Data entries
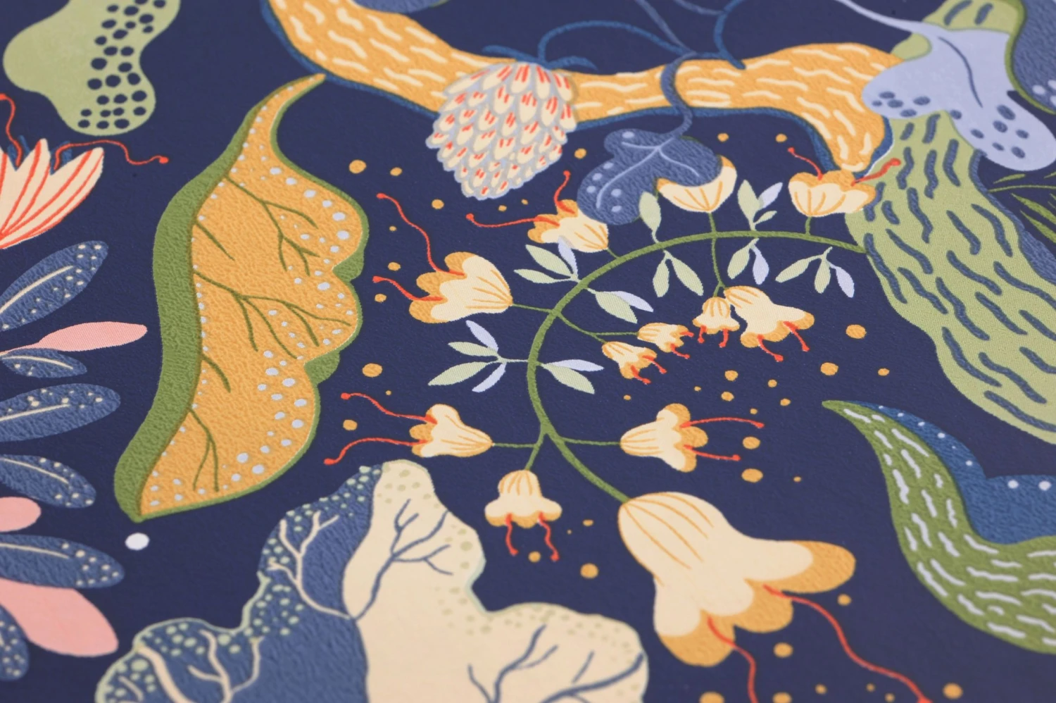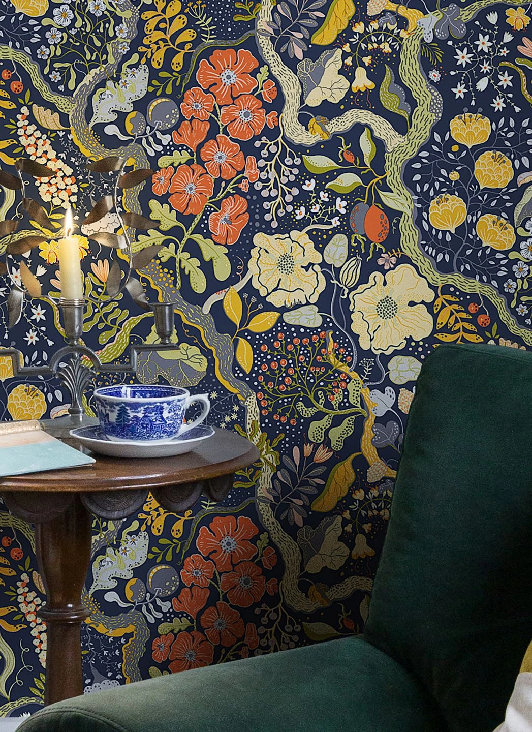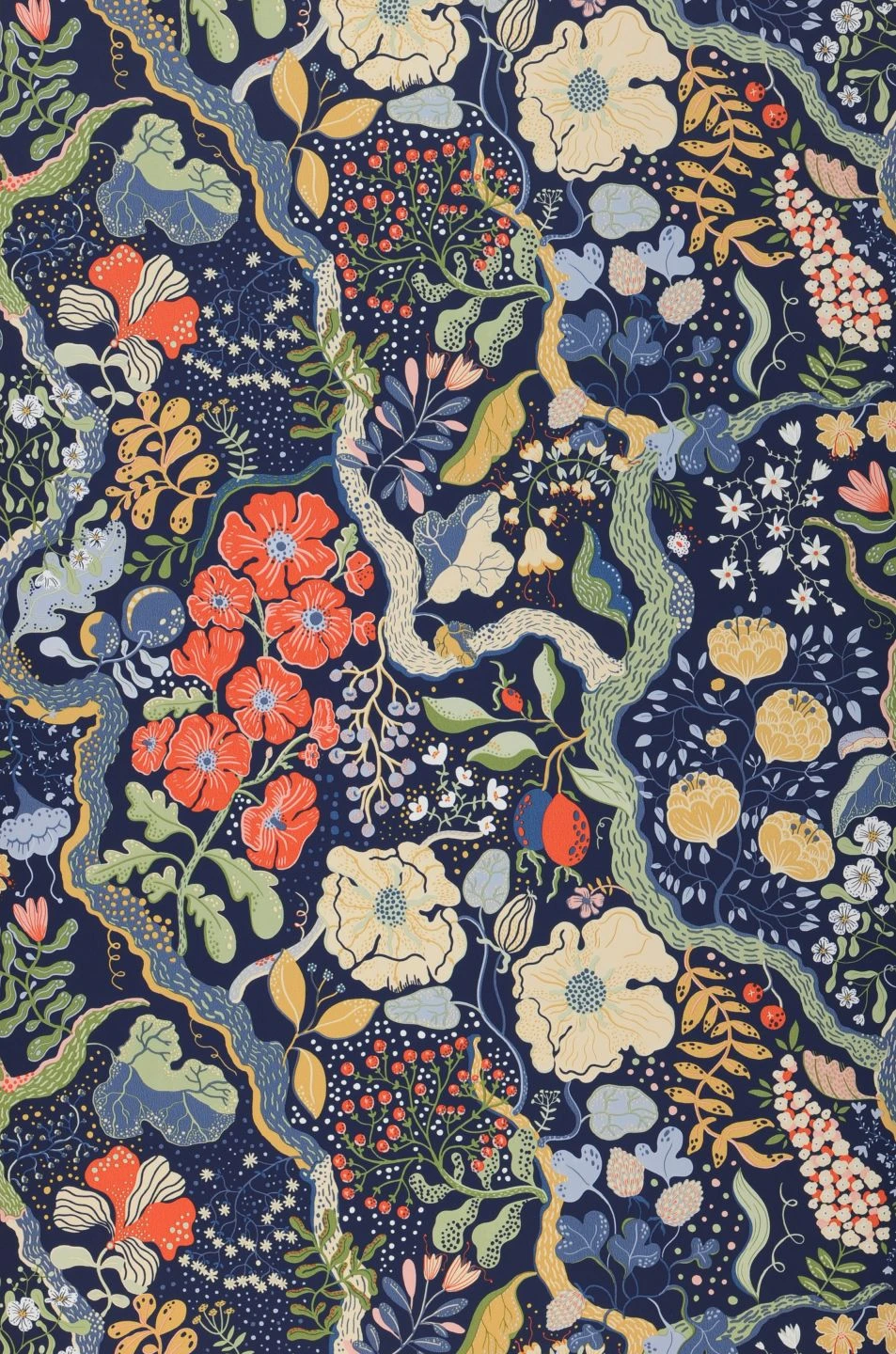 Expressiv und ausdrucksstark, in einer schier endlosen Vielfalt von Größe und Form, füllen Blüten und Zweige, Blätter und Beeren die Fläche der Tapete Rosanna fast vollständig aus. Die ganze Fülle des pflanzlichen Lebens von kraftvollen, knorrigen Ästen bis hin zu zarten weißen Blüten und zierlichen hellblauen Blättchen ist hier abgebildet. Wie in einem schönen Traum erschafft der dunkelblaue Untergrund einen Zusammenhalt und gleichzeitig eine fast magische Atmosphäre.
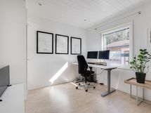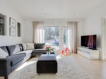 Tervetuloa tutustumaan tähän avaraan ja tyylikkääseen Kirkkonummen halutulla Sepänkannaksen alueella. Yhteen tasoon rakennettu asunto tarjoaa reilunkokoiset huoneet, oman tontin (1247m2) sekä käytännöllisen autokatoksen kahdelle autolle sähköauton latausasemalla-täydelliset puitteet huolettomaan ja mukavaan asumiseen. Kodikkaassa olohuoneessa on tyylikäs varaava takka ja keittiössä Festivon jääkaappi-pakastin yhdistelmä, johon mahtuvat suuremmankin juhlan tarjoilut. Varaava takka ja viilennystoiminnolla varustettu ilmalämpöpumppu varmistavat miellyttävän sisälämpötilan ympäri vuoden. Yksi makuuhuoneista on muutettu tyylikkääksi walk-in pukeutumishuoneeksi, joka tuo ripauksen luksusta arkeen- ja jonka säilytysjärjestelmä sisältyy kauppaan.
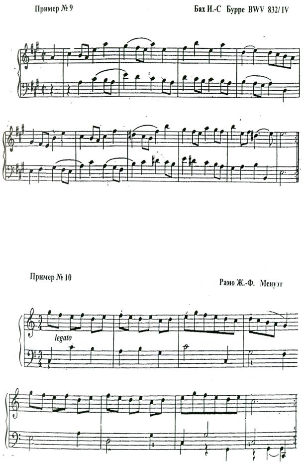 Подобные расшифровки часто встречаются и в редакторских версиях сочинений самых разных авторов. В Менуэте Рамо (пример № 10) мы видим типичный случай отождествления редактором орнаментальной структуры с мелодией. Предлагаемый обычно к исполнению в этой пьесе знак legato свидетельствует о желании редактора услышать в верхнем голосе именно кантилену. Благодаря аналогичной трактовке нижнего голоса (где также предлагается к исполнению legato) и вопреки содержанию заложенной там интонационной лексики (ритм шага, фигура дактилического шага, этикетная формула баса в кадансе), менуэт превращается в арию[11]. Что касается расшифровки верхнего голоса с точки зрения орнамента, то как и любой внемузыкальный элемент подобного типа, он состоит из отдельных тонко сплетенных узоров, которые, в отличие от орнамента как целостной структуры, скрыты внутри нее и могут быть выявлены лишь специальными артикуляционными приемами (акцент, мелкие лиги), причем, вариантно и каждый раз по-разному.
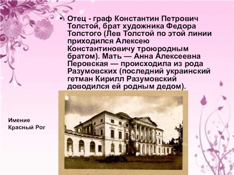 Толстой по этой линии приходился Алексею Константиновичу троюродным братом). Мать — Анна Алексеевна Перовская — происходила из рода Разумовских (последний украинский гетман Кирилл Разумовский доводился ей родным дедом).
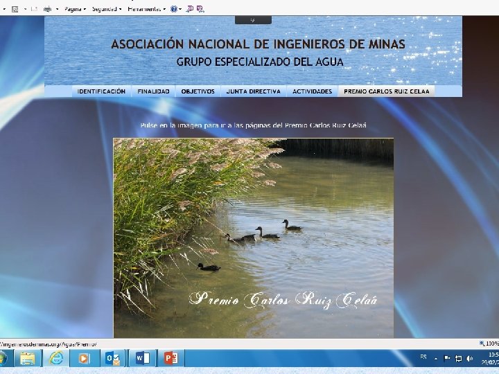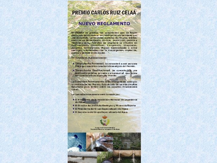 ACTUALIZACIÓN DEL PREMIO El espíritu y motivación del premio actualmente continúa siendo válido, pero es bien cierto que su reglamento necesita actualizarse periódicamente para adaptarlo a las situaciones del momento. Procedimiento: • El Grupo Especializado del Agua y la Asociación Nacional de Ingenieros de Minas preparan un borrador de nuevo reglamento. • La Comisión Permanente del Premio aprueba el Nuevo Reglamento el día 10 de febrero de 2016 y lo remite a la Asociación Nacional de Ingenieros de Minas. • La Asociación nacional de Ingenieros de Minas valida y prueba el Nuevo Reglamento del Premio, en su reunión del día 2 de marzo de 2016.
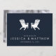 Perfekten Spara datumet för att meddela din kommande sjö-sida, stuga eller bröllop utomhus. Har silhuetten med två vita muskoka/adirondack-stolar på en marin bakgrund med text som anpassar sig efter namn och datum. Lägg till förlovningens foto på baksidan.
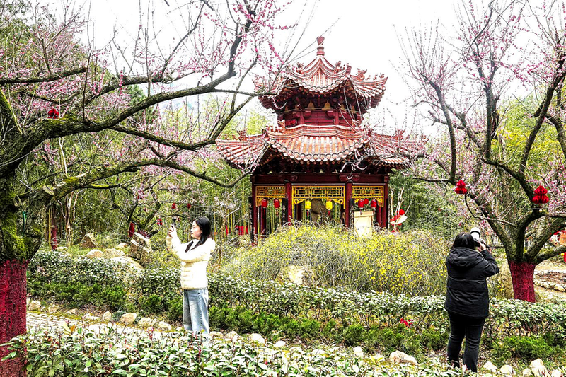 梅蕊腊前破,梅花年后多。进入3月,成县杜甫草堂内梅花盛开,树树红梅映着青山碧草,给新春增添了无限浪漫,吸引了大量游人前来游玩赏花。图为游客在成县杜甫草堂内观赏梅花、打卡拍照的场景。 通讯员吴庭栋摄影报道
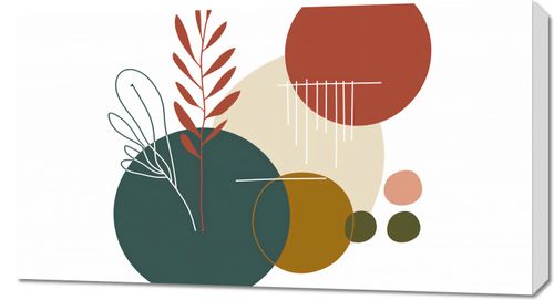 Obraz z serii minimalistyczne zatytułowany Rytm Warkotu. Ta grafika przedstawia stylizowane rośliny w ciepłych odcieniach czerwieni i zieleni, kontrastujące z geometrycznymi kształtami kół w spokojnych barwach beżu, żółci i głębokiej zieleni. Linie pionowe, wydające się być jak deszcz, dodają dynamiki i lekkości kompozycji.Ten obraz będzie się pięknie prezentować w przestrzeniach, które celebrują spokój i naturę. Doskonale wpasuje się w estetykę zen, ekologicznych wnętrz, czy w każdym pomieszczeniu, które ma na celu wprowadzenie elementów natury do domowego otoczenia. Będzie to świetny wybór dla tych, którzy szukają dekoracji ściennych do jasnych, przestronnych pomieszczeń, takich jak salony, jadalnie czy przestrzenie do medytacji.
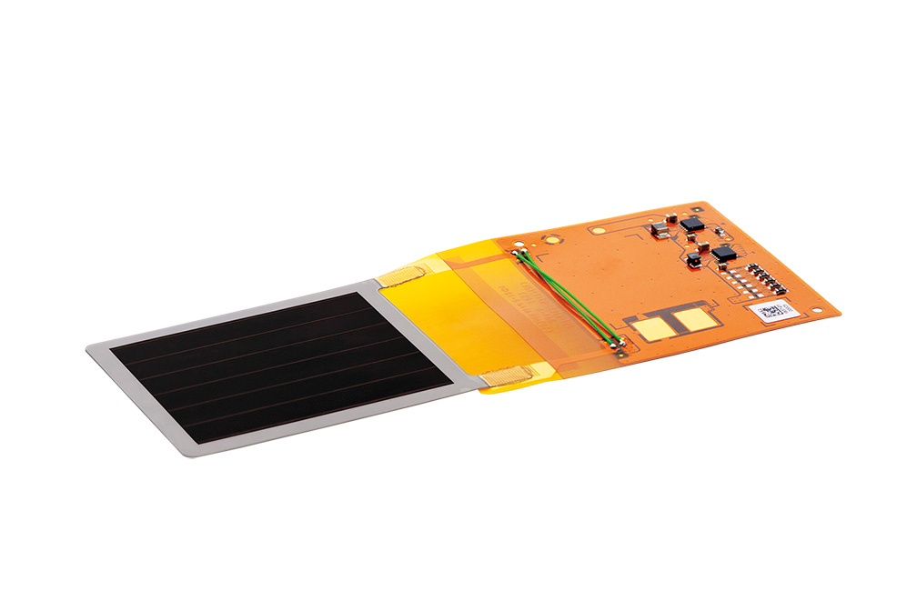 柔性能源收集设备,尺寸为41mm x 47mm,使用了独特的发电有机光伏(OPV)材料,该材料从2013年与九州大学进行了行业 - academia合作。结果是在室内(大约200 lx)和中等光线(例如阴影室外区域(大约10,000 lx))的低光环境中有效发电188金宝慱官网登录。此外,可以将薄,轻巧且可弯曲的膜安装在各种形状的物联网设备上。
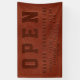 Customise this unique and eye-catching brown faux vegan leather Open Business banner featuring business name and hours of operation. Design created with 3 layers of bold typography in different shades to simulate the embossed look.
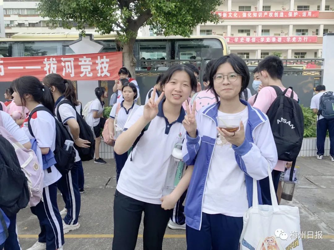 考生在梅县区宪梓中学门口合影留念。
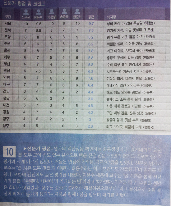 평가의 객관성을 확인하는 화룡점정이다. 경기내외적 요인을 모두 모아 심도 있는 분석으로 맥을 짚은 전문가 5인의 평가도 스포츠조선의 평가와 크게 다르지 않았다. 서울은 만점에 가까운 평균 9.7점을 받았다. 신문선 명지대 교수는 "올 시즌 모든 것을 다 이뤘다. 최용수라는 히트 브랜드도 창출했다"며 엄지를 세웠다. 포항의 선전에도 높은 평가를 내렸다. 이용수 세종대 교수는 "올 시즌을 통해 전성기의 틀을 마련했다. 내년이 더 기대되는 팀"이라고 칭찬했다. 인천과 대구, 수원과 성남은 희비가 엇갈렸다. 상주는 송종국 TV조선 해설위원으로부터 "리그 불참으로 순위 경쟁에 타격이 불가피 했다"는 지적과 함께 0점을 받으며 대가를 치렀다.

● Work instruction:
What is needed is a word-for-word copy of the lines from the start of the data to the line with "Tervetuloa tutustumaan tähän", inclusive, with no pictures in it.

● Reply to the task:
 Expressiv und ausdrucksstark, in einer schier endlosen Vielfalt von Größe und Form, füllen Blüten und Zweige, Blätter und Beeren die Fläche der Tapete Rosanna fast vollständig aus. Die ganze Fülle des pflanzlichen Lebens von kraftvollen, knorrigen Ästen bis hin zu zarten weißen Blüten und zierlichen hellblauen Blättchen ist hier abgebildet. Wie in einem schönen Traum erschafft der dunkelblaue Untergrund einen Zusammenhalt und gleichzeitig eine fast magische Atmosphäre.
 Tervetuloa tutustumaan tähän avaraan ja tyylikkääseen Kirkkonummen halutulla Sepänkannaksen alueella. Yhteen tasoon rakennettu asunto tarjoaa reilunkokoiset huoneet, oman tontin (1247m2) sekä käytännöllisen autokatoksen kahdelle autolle sähköauton latausasemalla-täydelliset puitteet huolettomaan ja mukavaan asumiseen. Kodikkaassa olohuoneessa on tyylikäs varaava takka ja keittiössä Festivon jääkaappi-pakastin yhdistelmä, johon mahtuvat suuremmankin juhlan tarjoilut. Varaava takka ja viilennystoiminnolla varustettu ilmalämpöpumppu varmistavat miellyttävän sisälämpötilan ympäri vuoden. Yksi makuuhuoneista on muutettu tyylikkääksi walk-in pukeutumishuoneeksi, joka tuo ripauksen luksusta arkeen- ja jonka säilytysjärjestelmä sisältyy kauppaan.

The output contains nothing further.